専門医の元で適切な治療を

医者

長期間続く症状に注意

鬱病は自分自身では気付きにくい病気ですが、原因がわからない体調不良が続いたり、過度のストレスを感じたりした場合は、心療内科などを受診することをおすすめします。鬱病の診断では、国際的に定められたガイドラインに則って問診を受けることが多く、当てはまる項目が多いほど重症度が高いとされています。問診項目は多岐に渡りますが、その中でも頻繁に問われるのが、「その症状が長期間続いているかどうか」という点です。例えば、「夜、寝つけない」や「気分が落ち込んでやる気が出ない」といった症状が短期間である場合は、鬱病の可能性が低い、または軽度であると診断されます。「試験や行事の前日にストレスによって体調を崩す」「生理の前にイライラする」などの症状は、一過性のもの、または鬱病とは別の症状と判断されます。よって、心療内科や精神科で鬱病の診察を受けるタイミングとしては、体調不良や精神的に不安定な症状が、長く続いているかという点が基準になってきます。一週間以上、原因不明の症状が現れて治まらない場合や、過度のストレスがかかっていると感じた時は、重症になる前に、専門医の診察を受けることが大切です。
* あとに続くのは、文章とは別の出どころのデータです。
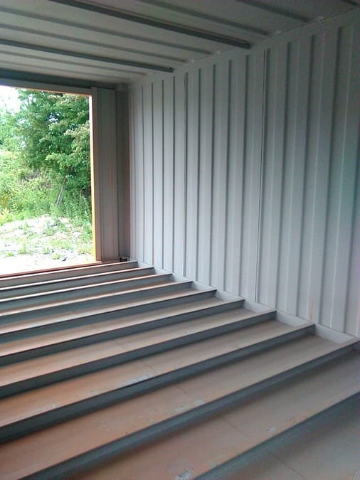 The picture on the right is the inside of the orange container which is the 32 foot x 10 foot. I need to explain that this is actually a new container manufactured in Lydney in the Forest of Dean.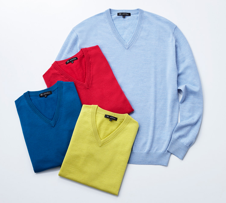 南フランス・コートダジュール地方発祥のカジュアルブランド〈アッシュ・エル〉。春を感じさせるカラフルなニットが、いつもの装いをさりげなくリフレッシュしてくれる。

近年の医学の進歩は目覚しく、鬱病においても、原因の解明や治療方法の研究、開発が進んでいるのが現状です。特に、鬱の症状に効果があるとされる抗うつ薬の開発が進んでおり、病気の種類に合わせて薬を使い分けることが主流となってきました。心療内科や精神科で鬱の診断を受けると、カウンセリングによる精神的治療の他に、抗うつ薬などの化学的な薬物治療を受けられることが大きなメリットと言えます。鬱病は、けして心が弱いことや怠けているせいでかかる病気ではなく、脳内のホルモンバランスの分泌異常が原因で発症すると言われています。よって、薬によって症状を軽減し、日常生活を気分良く平穏な気持ちで過ごすことは、患者にとって最も大切なことです。また、抗うつ薬には副作用があったり、症状によって服用量を変える必要があったりと、専門医の判断が大変重要となってきます。心療内科や精神科で診断を受けると、症状の変化に合わせて薬の量のコントールをしてもらえるため、安心して治療を続けることが可能です。鬱病の治療では、自分自身で判断せずに、専門医のアドバイスを受け、適切な治療を続けていくことが重要と言えます。